* Exercise
Exclude all pictures, then restate the entries below word for word.

* Material for this task
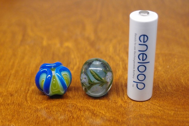 いつもトンボ玉だけを拡大した写真ばかりなので、大きさがピンとこないかもしれませんね。
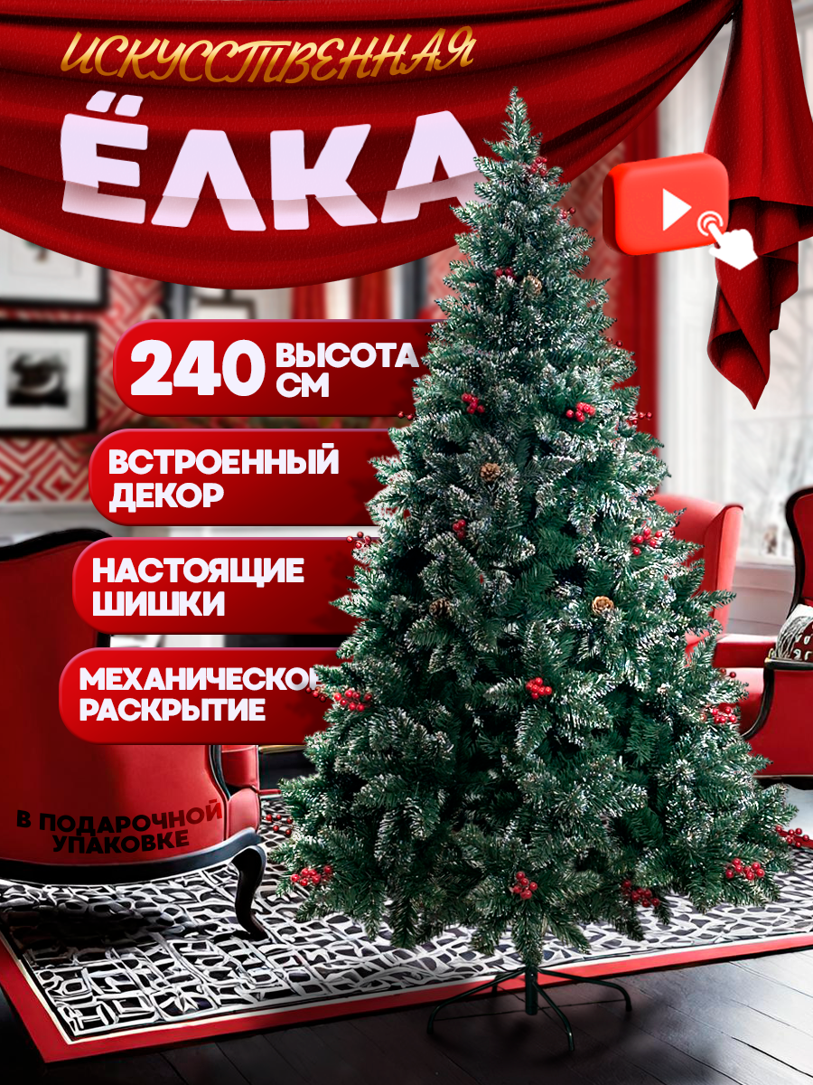 Елка искусственная на шарнирах 240 см, украшенная шишками и ягодами, ПВХ: сравнение цен, характеристики, фото, актуальное наличие и цены.
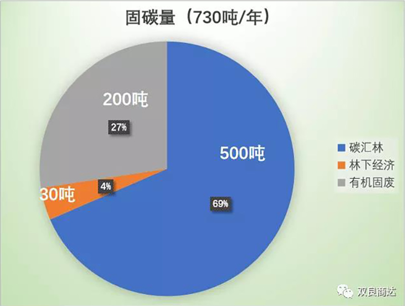 指南村項目碳排放量為181.7噸/年,碳匯量730噸/年,實現(xiàn)碳中和,碳盈余548.3噸/年。
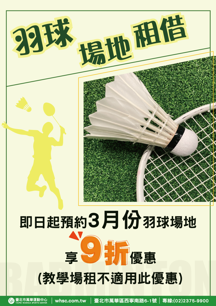 ::: 【活動】羽球場地租借 6 3 月, 2026促銷 【活動】羽球場地租借 即日起預約3月份羽球場地享9折優惠 (教學場租不適用此優惠) ※ 注意事項 本中心保有活動內容解釋之權力,如有異動,以現場公告為主 ※ 如有任何問題歡迎來電 (02)2375-9900 #台北市萬華運動中心 ※ 營業時間 : 週一至周日 早上06:00至晚上22:00 ※ 中心地址:台北市萬華區西寧南路6-1號(福星國小操場對面、洛陽停車場後方、西寧市場隔壁外面有個六人制的足球場)
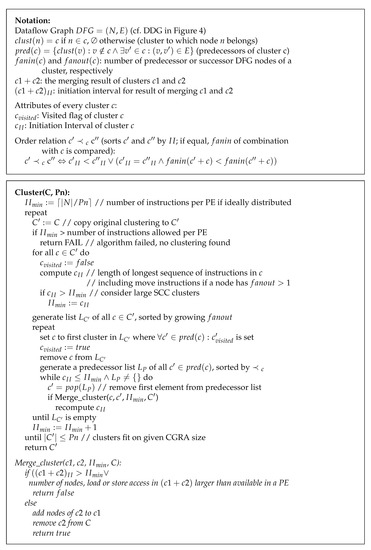 Another approach was suggested in [28]. This method called Function Folding first constructs a DFG of the source program’s loop body. Next, neighboring nodes of the graph, which are supposed to be executed sequentially on a PE, are clustered. Finally, an internal schedule is determined for each cluster, and the clusters are placed, routed and balanced. This idea is flexible and also suitable for multi-cycle operations in floating-point PEs and was, therefore, extended in the CHiPReP compiler.

* Response below
 いつもトンボ玉だけを拡大した写真ばかりなので、大きさがピンとこないかもしれませんね。
 Елка искусственная на шарнирах 240 см, украшенная шишками и ягодами, ПВХ: сравнение цен, характеристики, фото, актуальное наличие и цены.
 指南村項目碳排放量為181.7噸/年,碳匯量730噸/年,實現(xiàn)碳中和,碳盈余548.3噸/年。
 ::: 【活動】羽球場地租借 6 3 月, 2026促銷 【活動】羽球場地租借 即日起預約3月份羽球場地享9折優惠 (教學場租不適用此優惠) ※ 注意事項 本中心保有活動內容解釋之權力,如有異動,以現場公告為主 ※ 如有任何問題歡迎來電 (02)2375-9900 #台北市萬華運動中心 ※ 營業時間 : 週一至周日 早上06:00至晚上22:00 ※ 中心地址:台北市萬華區西寧南路6-1號(福星國小操場對面、洛陽停車場後方、西寧市場隔壁外面有個六人制的足球場)
 Another approach was suggested in [28]. This method called Function Folding first constructs a DFG of the source program’s loop body. Next, neighboring nodes of the graph, which are supposed to be executed sequentially on a PE, are clustered. Finally, an internal schedule is determined for each cluster, and the clusters are placed, routed and balanced. This idea is flexible and also suitable for multi-cycle operations in floating-point PEs and was, therefore, extended in the CHiPReP compiler.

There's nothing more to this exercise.